Start of EXTRACTED INFORMATION

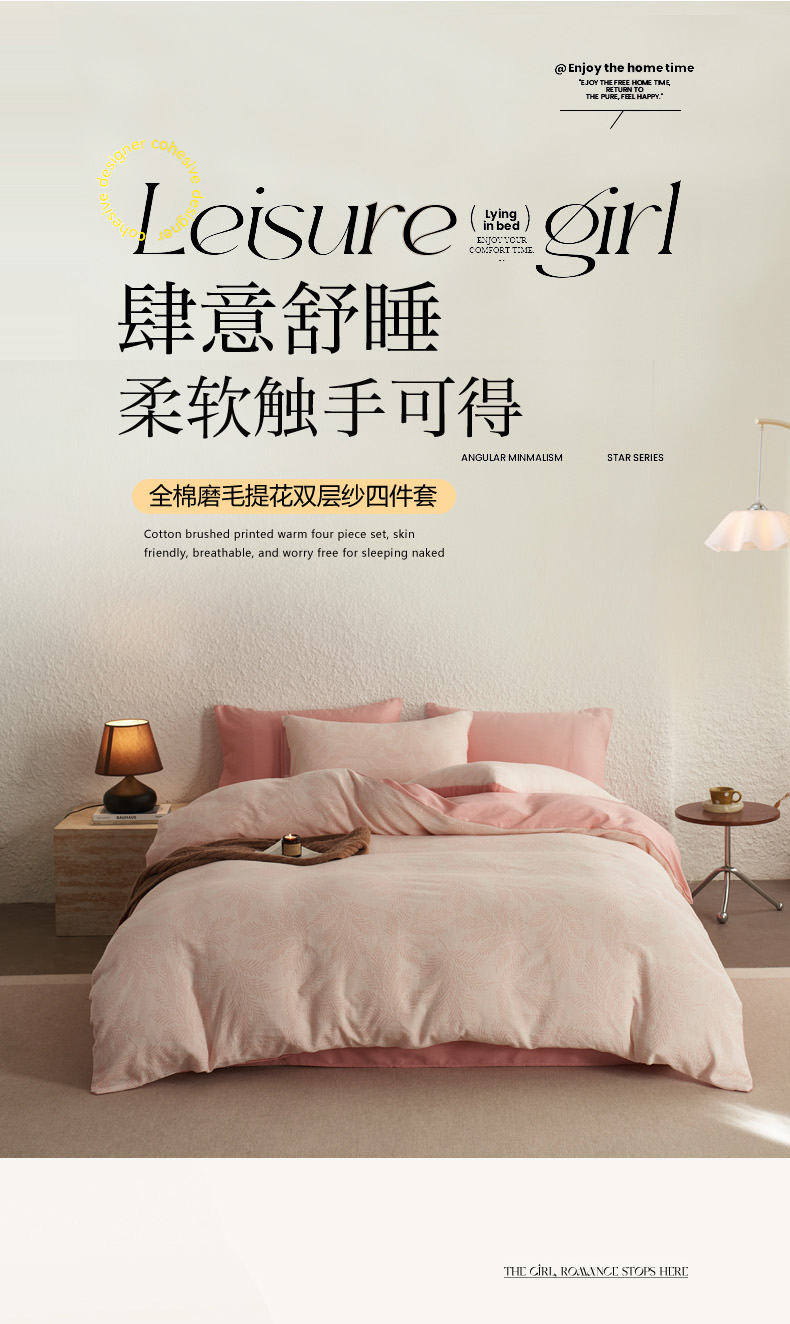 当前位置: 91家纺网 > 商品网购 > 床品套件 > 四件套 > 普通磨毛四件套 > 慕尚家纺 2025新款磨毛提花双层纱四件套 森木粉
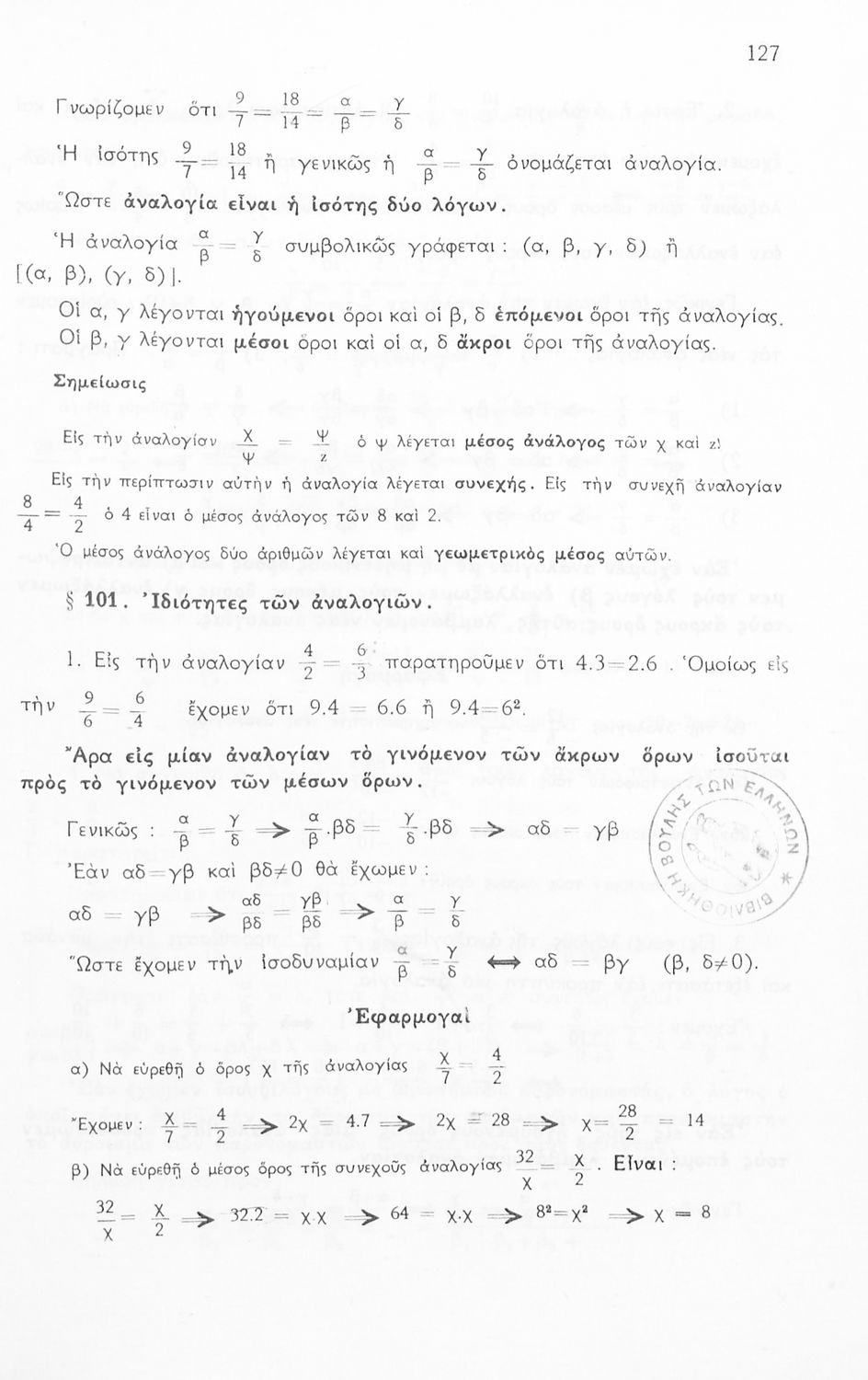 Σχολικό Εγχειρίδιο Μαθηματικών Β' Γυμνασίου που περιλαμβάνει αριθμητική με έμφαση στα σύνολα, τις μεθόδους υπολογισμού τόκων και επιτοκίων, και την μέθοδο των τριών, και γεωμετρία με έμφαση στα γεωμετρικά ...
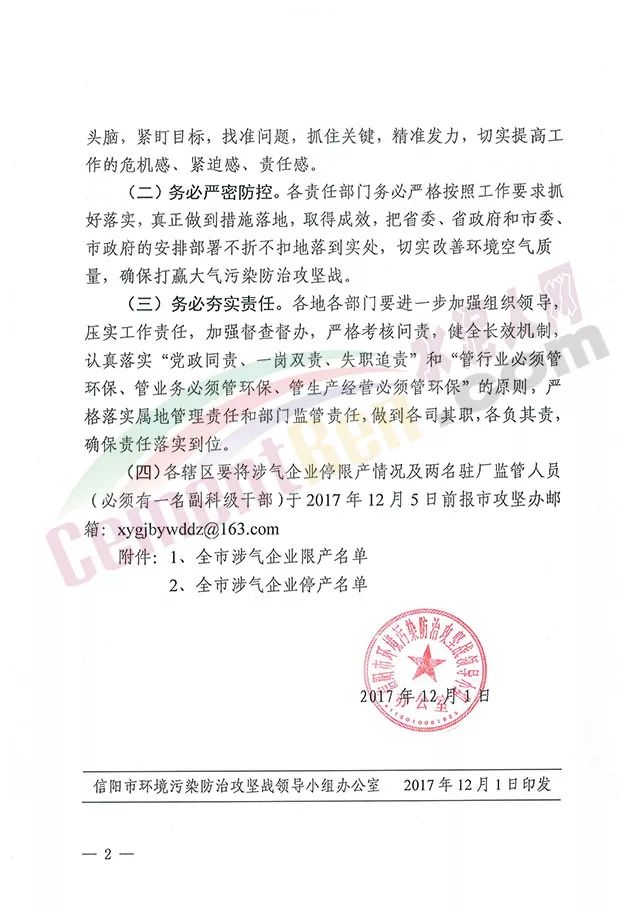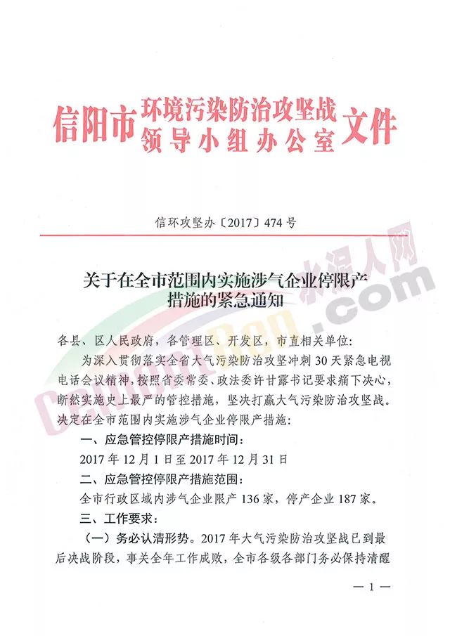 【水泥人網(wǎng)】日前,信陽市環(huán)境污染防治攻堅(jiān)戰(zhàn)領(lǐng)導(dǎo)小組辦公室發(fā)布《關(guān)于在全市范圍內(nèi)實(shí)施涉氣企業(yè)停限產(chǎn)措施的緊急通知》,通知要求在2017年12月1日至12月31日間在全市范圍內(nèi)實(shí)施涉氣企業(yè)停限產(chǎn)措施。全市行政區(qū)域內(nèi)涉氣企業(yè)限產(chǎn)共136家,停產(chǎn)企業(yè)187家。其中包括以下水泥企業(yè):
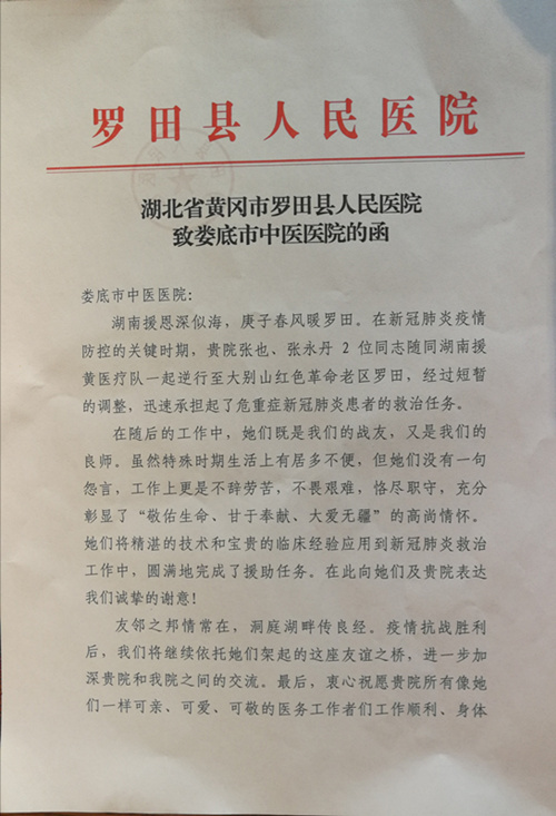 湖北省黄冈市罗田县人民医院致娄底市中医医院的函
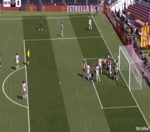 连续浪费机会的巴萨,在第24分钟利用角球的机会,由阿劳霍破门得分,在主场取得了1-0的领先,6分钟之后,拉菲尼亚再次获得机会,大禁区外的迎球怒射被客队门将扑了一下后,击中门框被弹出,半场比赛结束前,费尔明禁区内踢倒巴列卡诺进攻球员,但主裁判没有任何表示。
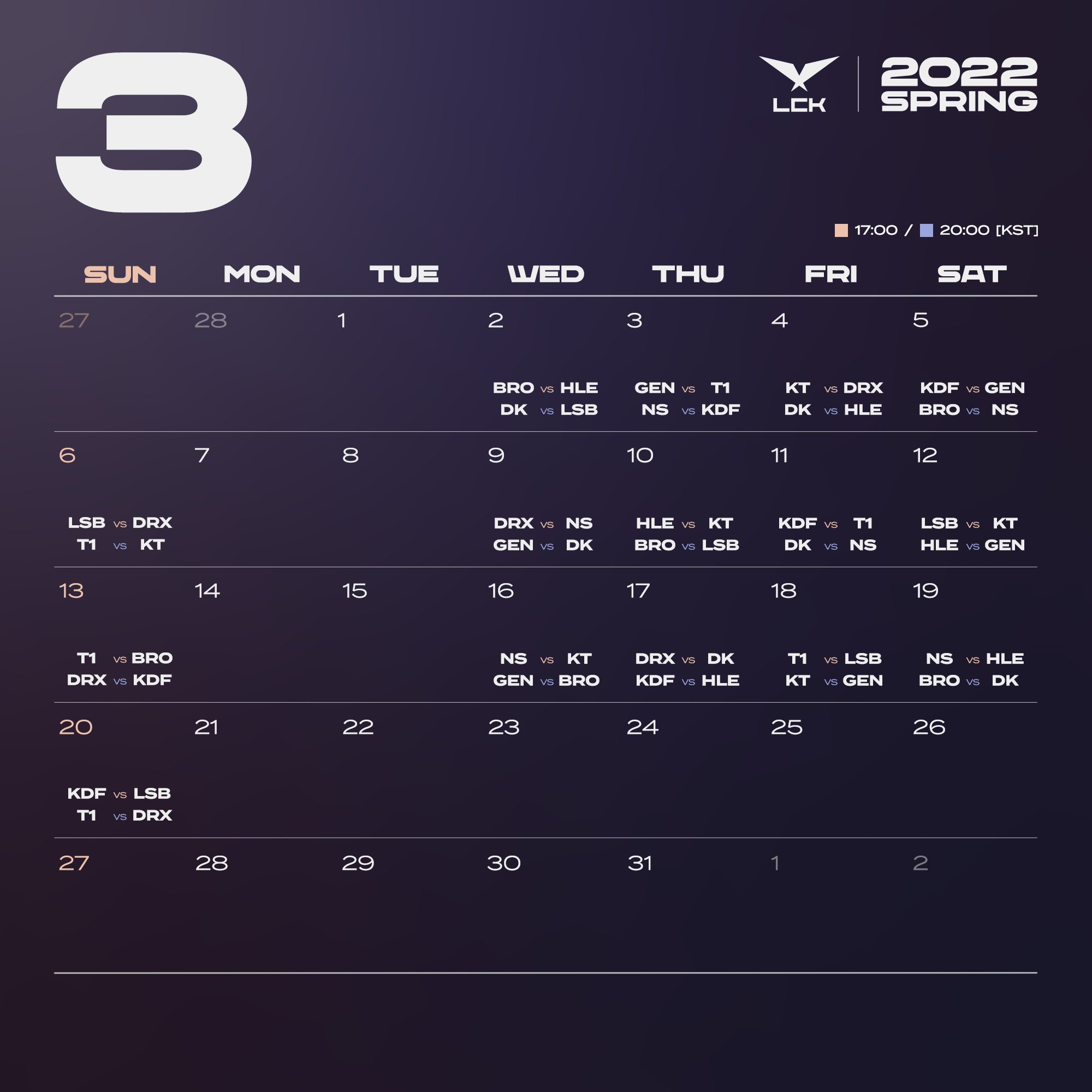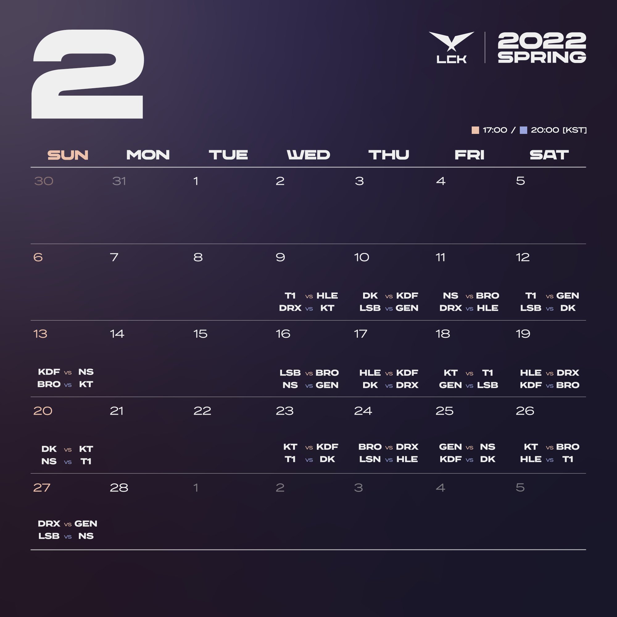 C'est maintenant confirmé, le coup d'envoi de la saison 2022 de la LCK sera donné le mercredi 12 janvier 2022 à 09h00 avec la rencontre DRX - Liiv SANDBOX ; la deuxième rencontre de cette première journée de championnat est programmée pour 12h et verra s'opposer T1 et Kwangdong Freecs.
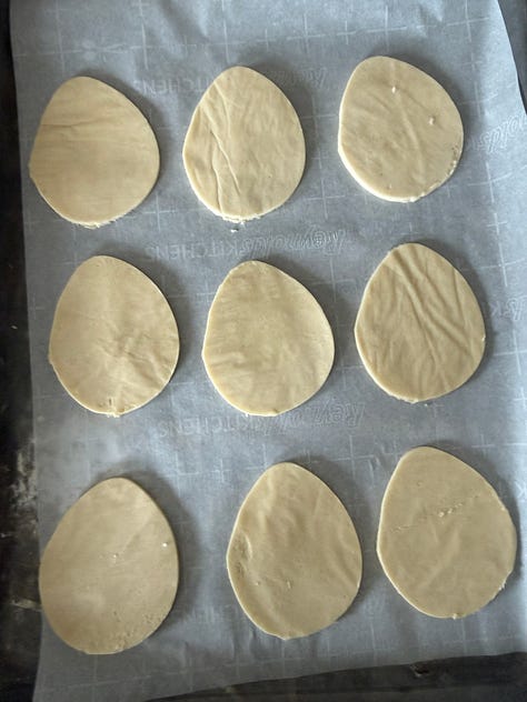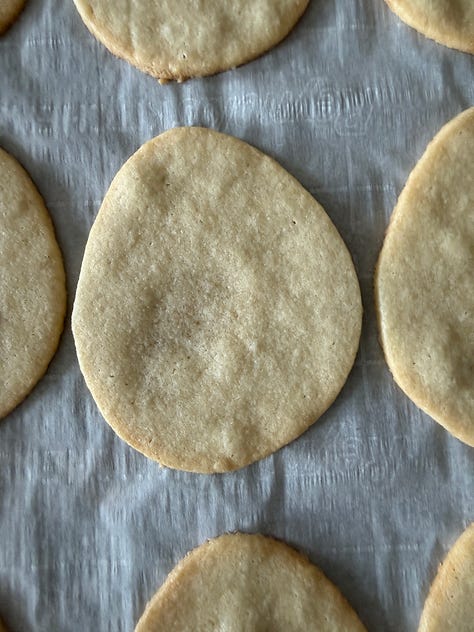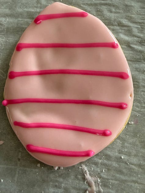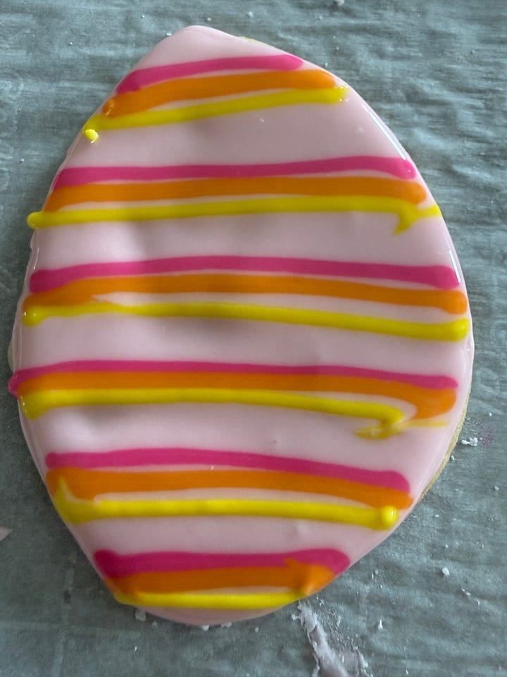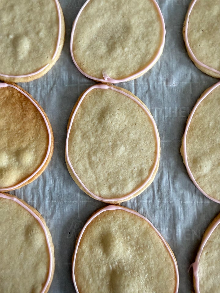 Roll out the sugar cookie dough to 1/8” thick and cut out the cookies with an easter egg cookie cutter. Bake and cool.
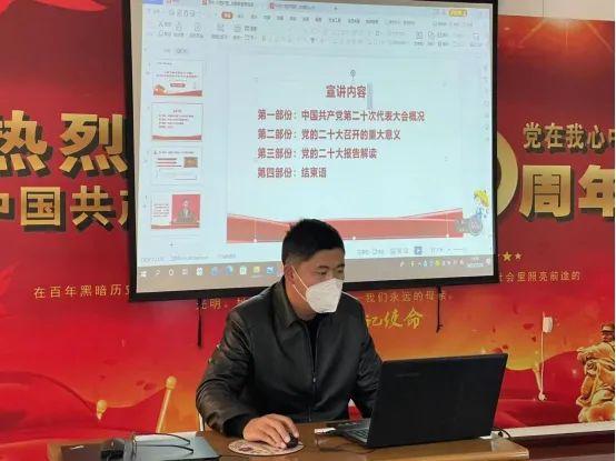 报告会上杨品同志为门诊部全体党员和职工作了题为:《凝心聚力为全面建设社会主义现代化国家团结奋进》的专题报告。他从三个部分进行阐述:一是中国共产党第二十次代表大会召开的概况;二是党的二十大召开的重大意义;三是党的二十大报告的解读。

End of EXTRACTED INFORMATION

- _WHAT IS EXPECTED_
Everything in the listing above, apart from its pictures, must be repeated exactly.

- _TASK SOLUTION_
 当前位置: 91家纺网 > 商品网购 > 床品套件 > 四件套 > 普通磨毛四件套 > 慕尚家纺 2025新款磨毛提花双层纱四件套 森木粉
 Σχολικό Εγχειρίδιο Μαθηματικών Β' Γυμνασίου που περιλαμβάνει αριθμητική με έμφαση στα σύνολα, τις μεθόδους υπολογισμού τόκων και επιτοκίων, και την μέθοδο των τριών, και γεωμετρία με έμφαση στα γεωμετρικά ...
 【水泥人網(wǎng)】日前,信陽市環(huán)境污染防治攻堅(jiān)戰(zhàn)領(lǐng)導(dǎo)小組辦公室發(fā)布《關(guān)于在全市范圍內(nèi)實(shí)施涉氣企業(yè)停限產(chǎn)措施的緊急通知》,通知要求在2017年12月1日至12月31日間在全市范圍內(nèi)實(shí)施涉氣企業(yè)停限產(chǎn)措施。全市行政區(qū)域內(nèi)涉氣企業(yè)限產(chǎn)共136家,停產(chǎn)企業(yè)187家。其中包括以下水泥企業(yè):
 湖北省黄冈市罗田县人民医院致娄底市中医医院的函
 连续浪费机会的巴萨,在第24分钟利用角球的机会,由阿劳霍破门得分,在主场取得了1-0的领先,6分钟之后,拉菲尼亚再次获得机会,大禁区外的迎球怒射被客队门将扑了一下后,击中门框被弹出,半场比赛结束前,费尔明禁区内踢倒巴列卡诺进攻球员,但主裁判没有任何表示。
 C'est maintenant confirmé, le coup d'envoi de la saison 2022 de la LCK sera donné le mercredi 12 janvier 2022 à 09h00 avec la rencontre DRX - Liiv SANDBOX ; la deuxième rencontre de cette première journée de championnat est programmée pour 12h et verra s'opposer T1 et Kwangdong Freecs.
 Roll out the sugar cookie dough to 1/8” thick and cut out the cookies with an easter egg cookie cutter. Bake and cool.
 报告会上杨品同志为门诊部全体党员和职工作了题为:《凝心聚力为全面建设社会主义现代化国家团结奋进》的专题报告。他从三个部分进行阐述:一是中国共产党第二十次代表大会召开的概况;二是党的二十大召开的重大意义;三是党的二十大报告的解读。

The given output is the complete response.